В 1896 г. петербургские студенты издавали первый «Студенческий сборник» — альманах и в редакторы пригласили трех маститых старцев: Григоровича, Майкова и Полонского. В университете было вывешено объявление, приглашающее студентов доставлять в редакцию рассказы, стихи и рисунки. Я решил тоже принять участие в сборнике, и один мой рисунок пером, пейзаж в Оранах, был напечатан[257] с ошибкой в фамилии; рисунок был сухой и скучный, мне самому не нравился, и я был даже рад опечатке, так как благодаря ей он был как бы не моим! В сборнике принимал участие и Рерих, тогда студент-юрист. Его рисунок изображал каких-то воронов, сидящих на камнях. С ним я не познакомился, знал лишь его по виду, он был и тогда такой же, как позже, — розовый, с аккуратной бородкой, застегнутый на все пуговицы.
Этот сборник, как и следующий, попал потом «на зубок» «Миру искусства» и был зло высмеян[258] — так, как в журнале умели это делать за пошлость. И вполне справедливо.

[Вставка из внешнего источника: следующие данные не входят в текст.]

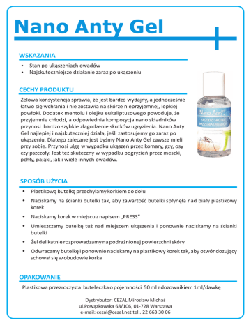 Nano Anty Gel WSKAZANIA ? ? Stan po ukąszeniach owadów Najskuteczniejsze działanie zaraz po ukąszeniu CECHY PRODUKTU Żelowa konsystencja sprawia, że jest bardzo wydajny, a jednocześnie łatwo się wchłania i nie zostawia na skórze nieprzyjemnej, lepkiej powłoki. Dodatek mentolu i olejku eukaliptusowego powoduje, że przyjemnie chłodzi, a odpowiednia kompozycja nano składników przynosi bardzo szybkie złagodzenie skutków ugryzienia. Nano Anty Gel najlepiej i najskuteczniej działa, jeśli zastosujemy go zaraz po ukąszeniu. Dlatego zalecane jest byśmy Nano Anty Gel zawsze mieli przy sobie. Przynosi ulgę w wypadku ukąszeń przez komary, gzy, osy czy pszczoły. Jest też skuteczny w wypadku pogryzień przez meszki, pchły, pająki, jak i wiele innych owadów. SPOSÓB UŻYCIA ? Plastikową butelkę przechylamy korkiem do dołu ? Naciskamy na ścianki butelki tak, aby zawartość butelki spłynęła nad biały plastikowy korek ? Naciskamy korek w miejscu z napisem „PRESS” ? Umieszczamy butelkę tuż nad miejscem ukąszenia i ponownie naciskamy na ścianki butelki ? Żel delikatnie rozprowadzamy na podrażnionej powierzchni skóry ? Odwracamy butelkę i ponownie naciskamy na plastikowy korek tak, aby otwór dozujący schował się w obudowie korka OPAKOWANIE Plastikowa przezroczysta buteleczka o pojemności 50 ml z dozownikiem 1ml/dawkę Dystrybutor: CEZAL Mirosław Michaś ul.Powązkowska 68/106, 01-728 Warszawa e-mail: [email protected] tel:. 22 663 30 06 Nano Anty Gel WSKAZANIA ? ? Stan po ukąszeniach owadów Najskuteczniejsze działanie zaraz po ukąszeniu CECHY PRODUKTU Żelowa konsystencja sprawia, że jest bardzo wydajny, a jednocześnie łatwo się wchłania i nie zostawia na skórze nieprzyjemnej, lepkiej powłoki. Dodatek mentolu i olejku eukaliptusowego powoduje, że przyjemnie chłodzi, a odpowiednia kompozycja nano składników przynosi bardzo szybkie złagodzenie skutków ugryzienia. Nano Anty Gel najlepiej i najskuteczniej działa, jeśli zastosujemy go zaraz po ukąszeniu. Dlatego zalecane jest byśmy Nano Anty Gel zawsze mieli przy sobie. Przynosi ulgę w wypadku ukąszeń przez komary, gzy, osy czy pszczoły. Jest też skuteczny w wypadku pogryzień przez meszki, pchły, pająki jak i wiele innych owadów. SPOSÓB UŻYCIA ? Plastikową butelkę przechylamy korkiem do dołu ? Naciskamy na ścianki butelki tak, aby zawartość butelki spłynęła nad biały plastikowy korek ? Naciskamy korek w miejscu z napisem „PRESS” ? Umieszczamy butelkę tuż nad miejscem ukąszenia i ponownie naciskamy na ścianki butelki ? Żel delikatnie rozprowadzamy na podrażnionej powierzchni skóry ? Odwracamy butelkę i ponownie naciskamy na plastikowy korek tak, aby otwór dozujący schował się w obudowie korka OPAKOWANIE Plastikowa przezroczysta buteleczka o pojemności 50 ml z dozownikiem 1ml/dawkę Dystrybutor: CEZAL Mirosław Michaś ul.Powązkowska 68/106, 01-728 Warszawa e-mail: [email protected] tel:. 22 663 30 06

Продолжая жить на Васильевском острове, в той же комнате, как и раньше, я стал встречаться у моих хозяев с русским англичанином В. Карриком[259], довольно известным тогда карикатуристом, большим птицеобразным человеком. Он меня научил нехитрой литографской технике — рисовать разведенной типографской тушью на кальке — и дал мысль отнести какую-нибудь карикатуру в «Стрекозу»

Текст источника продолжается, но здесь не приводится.